Le origini di Omicron. Mentre si cerca di valutare l'impatto della variante Omicron della covid sulla nostra vita quotidiana, gli scienziati si domandano anche come si sia evoluta.Nella comunità scientifica si fanno largo due ipotesi principali: quella di un’evoluzione parallela e silenziosa iniziata a metà del 2020, precedente, dunque, all’individuazione dei primi casi di Alpha (novembre 2020) e Delta (dicembre 2020); e quella di una zoonosi inversa, un “doppio salto di specie” in cui il virus è passato dall’uomo all’animale, e poi di nuovo all’uomo (subendo diverse mutazioni nel processo).

Nascondino. La prima ipotesi, quella di una mutazione parallela iniziata l’anno scorso, è condivisa da molti esperti: ma com’è possibile che non ce ne siamo accorti per oltre un anno? «La nuova variante potrebbe essere rimasta nascosta per mesi in altri Paesi africani, dove il processo di sequenziamento del genoma virale non è così efficace e frequente come in Sudafrica», ipotizza Christian Drosten, virologo al Charité University Hospital di Berlino. In più, «non credo esista al mondo un posto così isolato da impedire a una variante di diffondersi prima o poi in altri Paesi», sottolinea Andrew Rambaut (Università di Edimburgo).

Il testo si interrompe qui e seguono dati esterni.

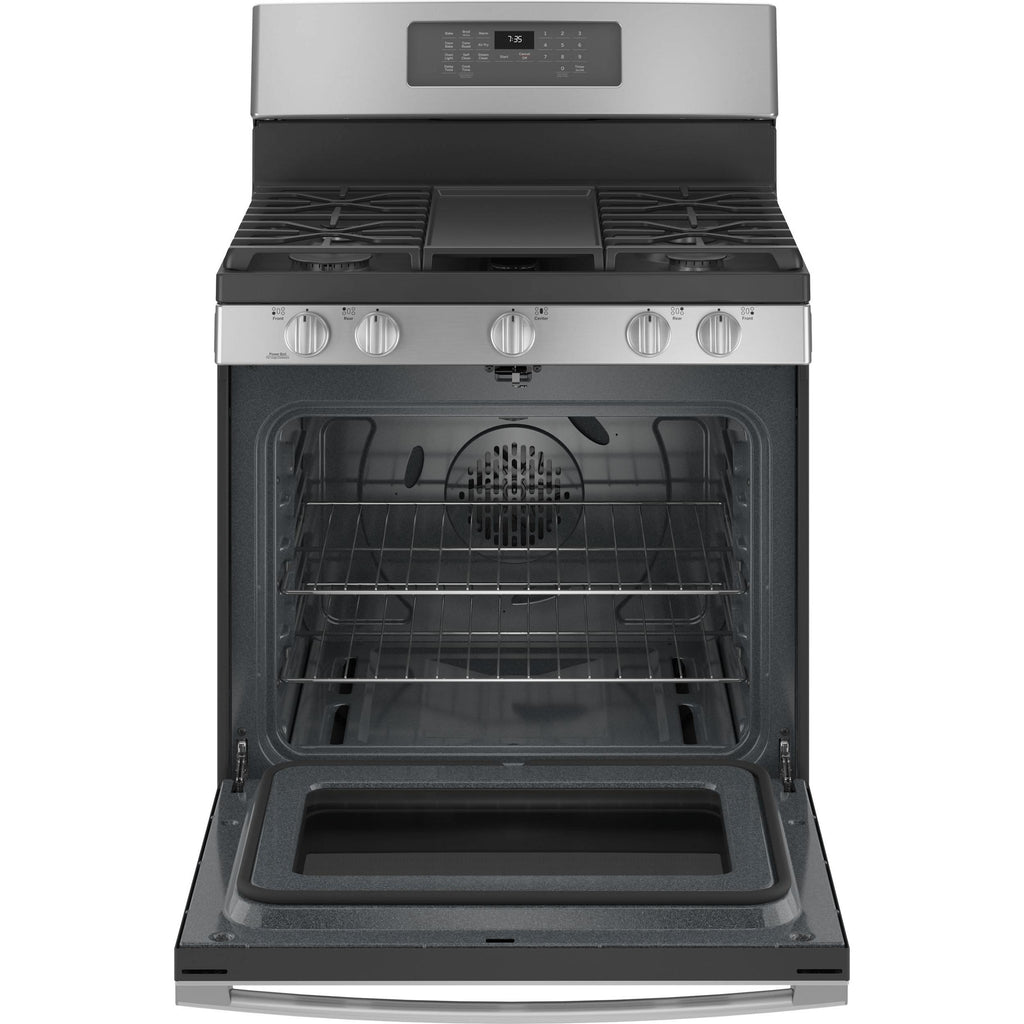 This self-cleaning oven uses optional steam cleaning for light soils to clean the oven cavity with less heat and odor.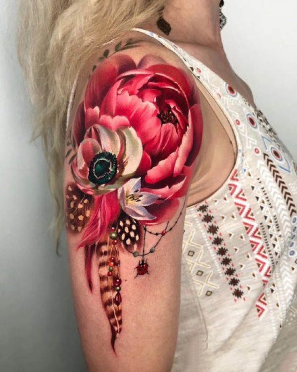 复古骷髅玫瑰肩部纹身_玫瑰花纹身图案大全_纹身图吧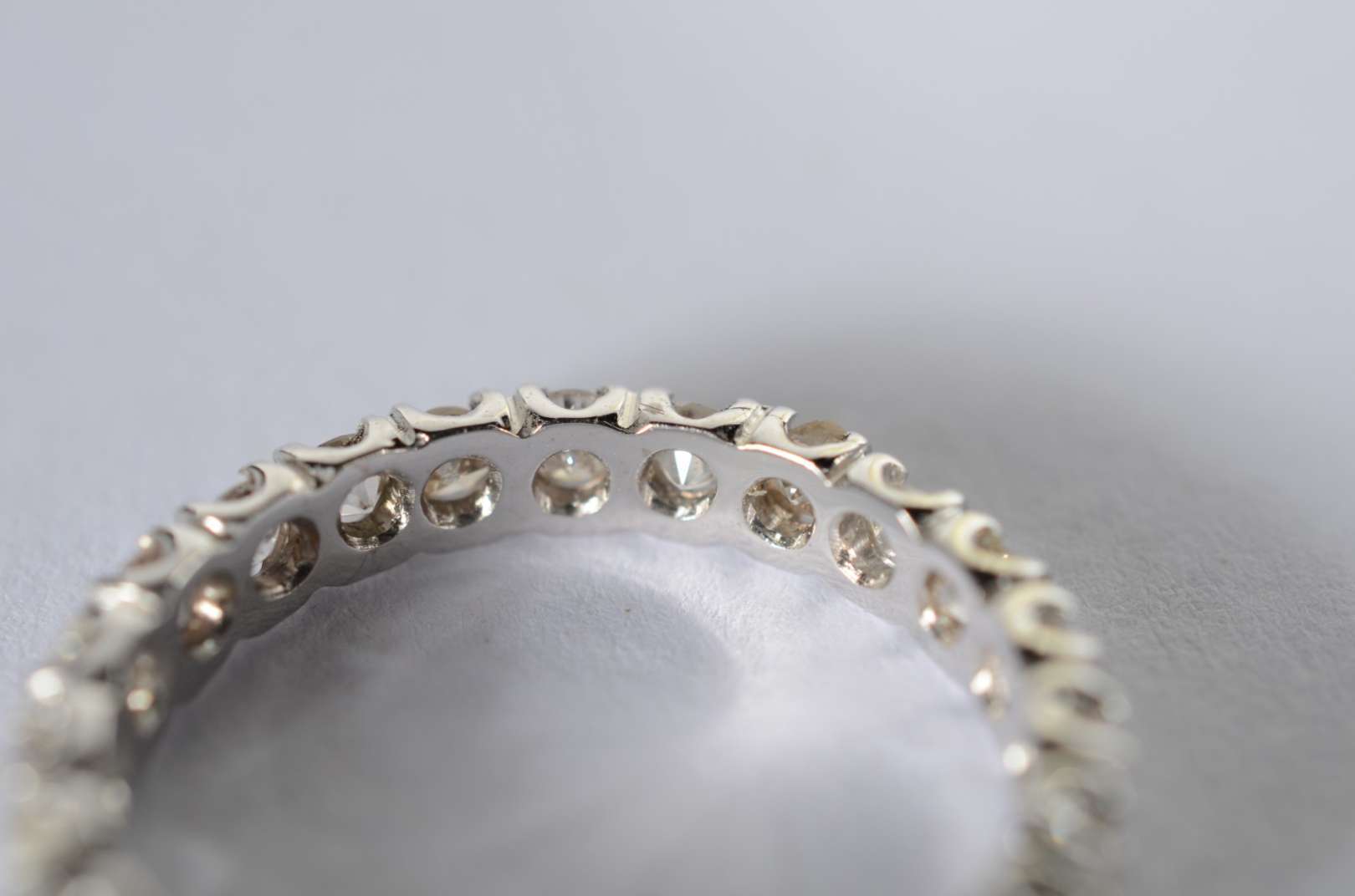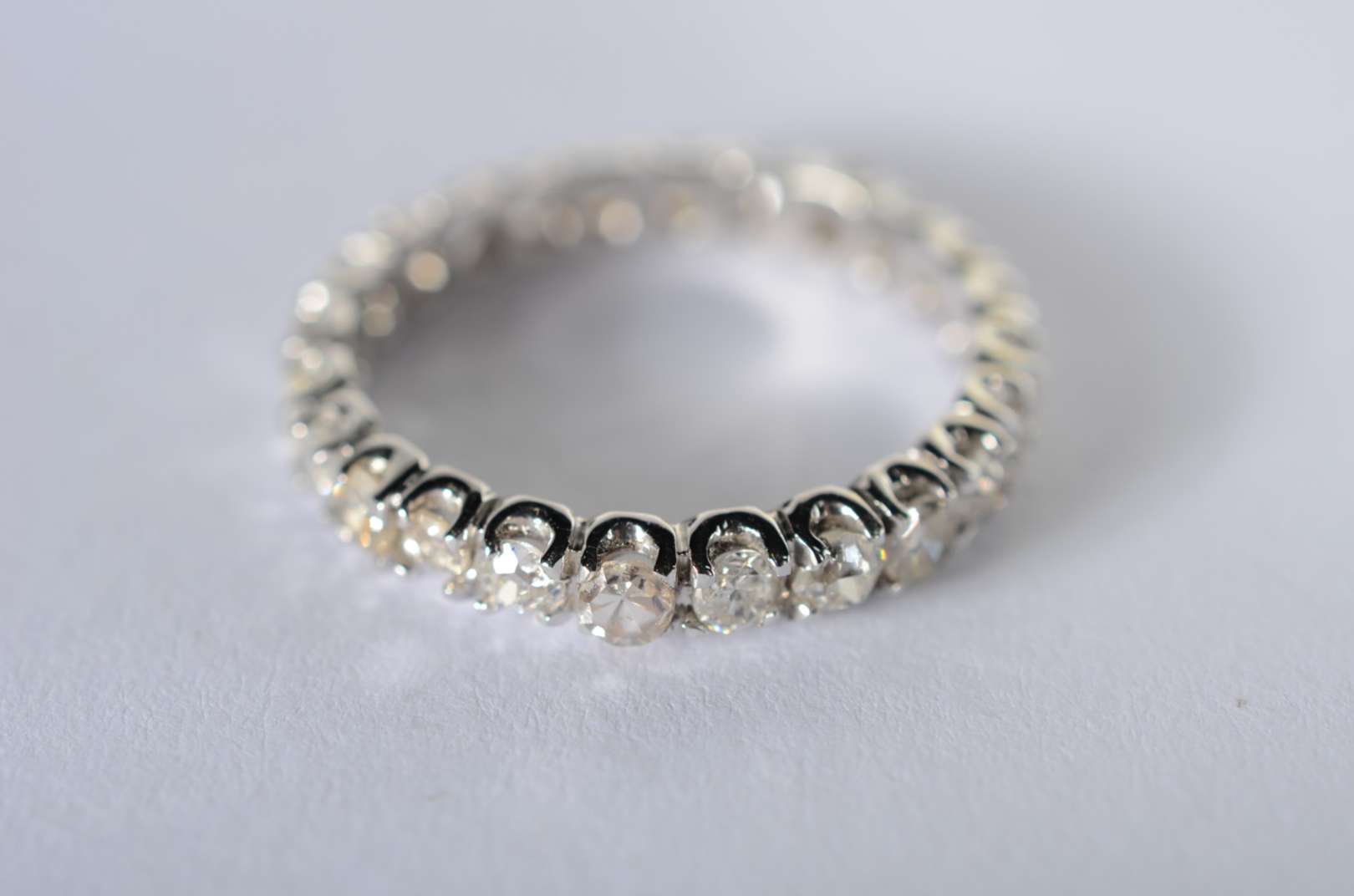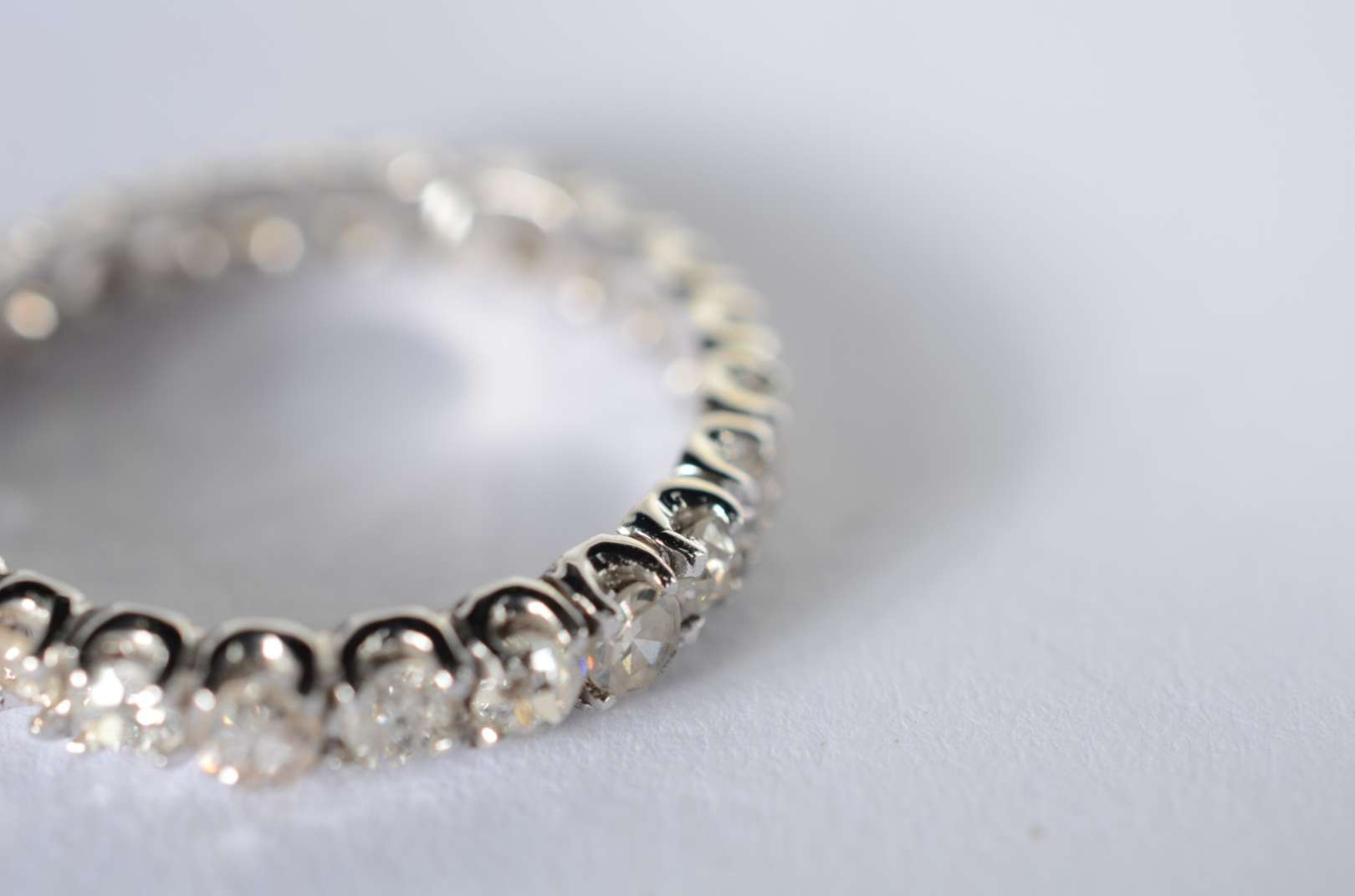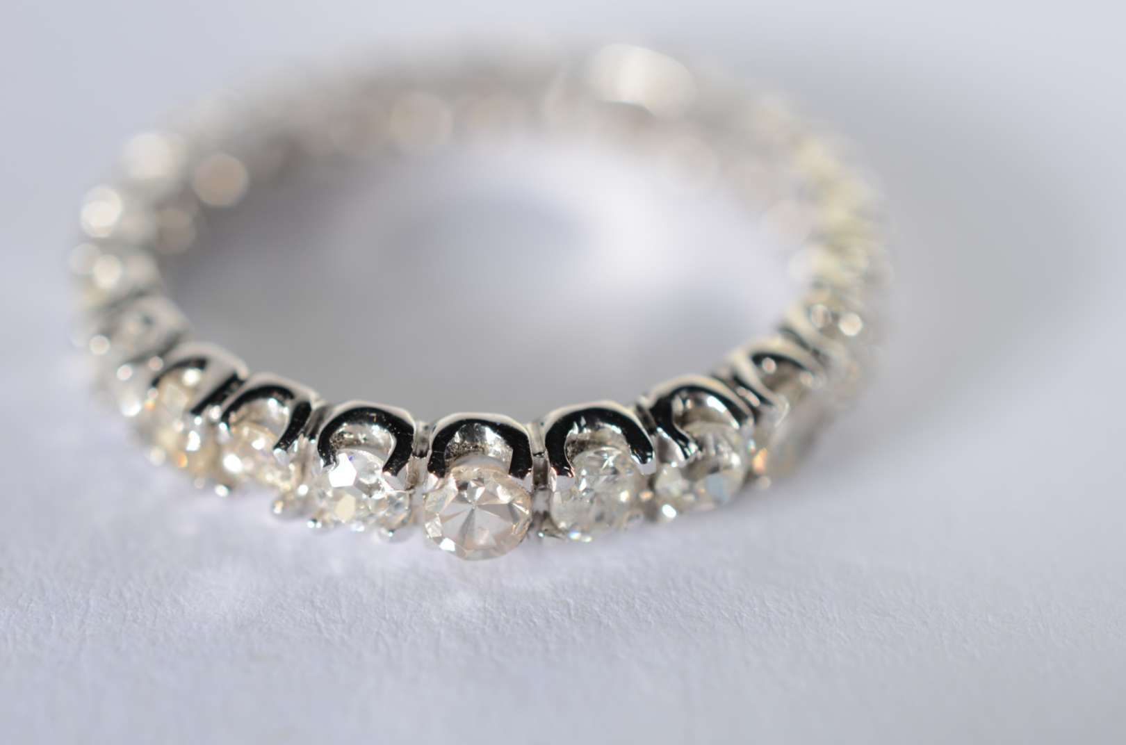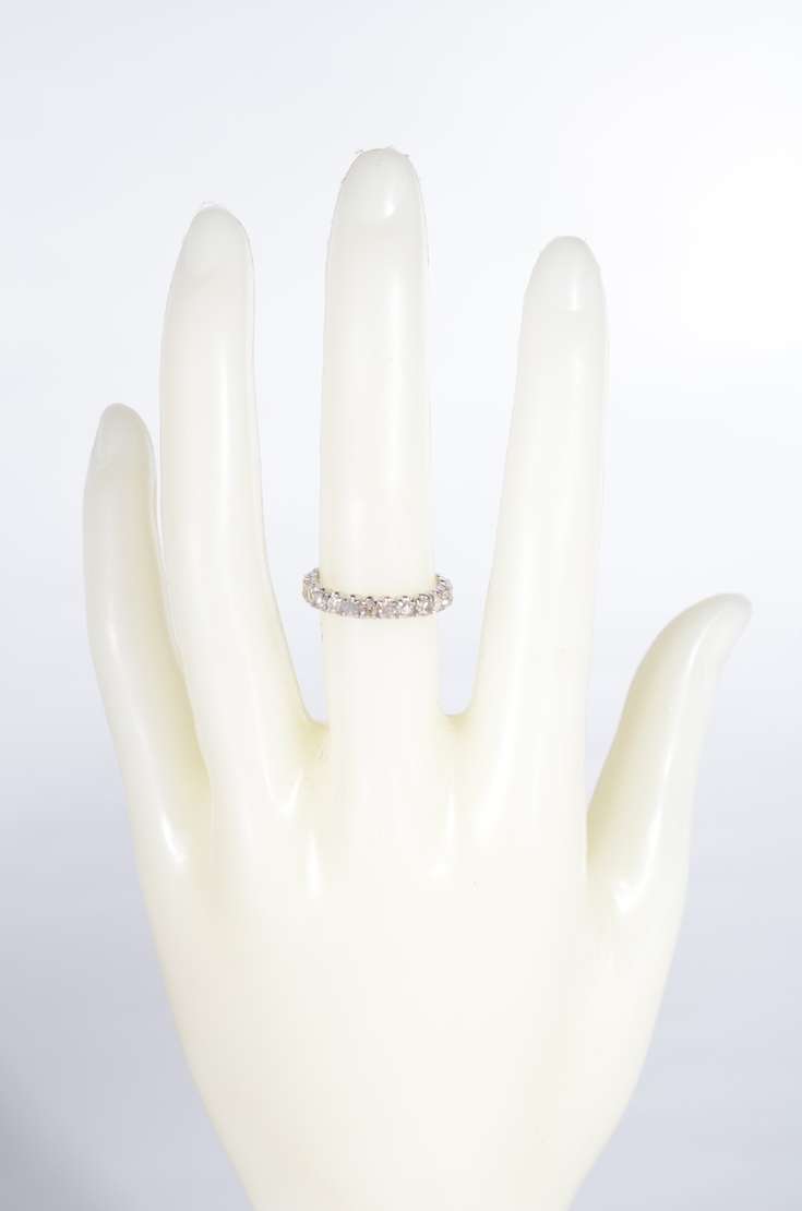 Meia aliança de ouro branco cravejada com 9 brilhantes de 0,03 ct - total 0,27 ct, aro 16. (Por motivos de segurança ...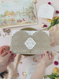 - Monograma personalizado en lámina dorada en sobre y cierre

Un’altra opzione è che la Omicron si sia evoluta in un malato cronico di covid, la cui risposta immunitaria era probabilmente compromessa da un’altra malattia o dall’uso di farmaci. Ma anche in questo caso, alcuni esperti sono diffidenti: «I virus mutati in questo modo sopravvivono poco nel mondo reale», ricorda Drosten, riferendosi al fatto che le mutazioni che permettono al virus di sopravvivere a lungo in un individuo sono ben diverse da quelle necessarie a diffondersi con successo in altri ospiti.

Zoonosi inversa. Diversa è invece la seconda ipotesi, secondo la quale la variante non sarebbe altro che il frutto di una zoonosi inversa: gli umani avrebbero infettato una specie animale (forse roditori), il virus si sarebbe diffuso tra quella specie e sarebbe mutato per poi tornare a fare il salto di specie e contagiare un umano. «Il genoma è così bizzarro, che l’ipotesi di una zoonosi inversa seguita da una nuova zoonosi è perfettamente plausibile», sottolinea a STAT News Kristian Andersen, ricercatore allo Scripps Research Institute (California).

Dare risposte certe pare dunque al momento impossibile: tutte le ipotesi sono sul tavolo e ci vorranno ancora delle settimane per avere un quadro più chiaro sulle origini di Omicron. Nel frattempo, speriamo di evitare che questa nuova variante ci faccia fare un salto indietro nel calendario pandemico.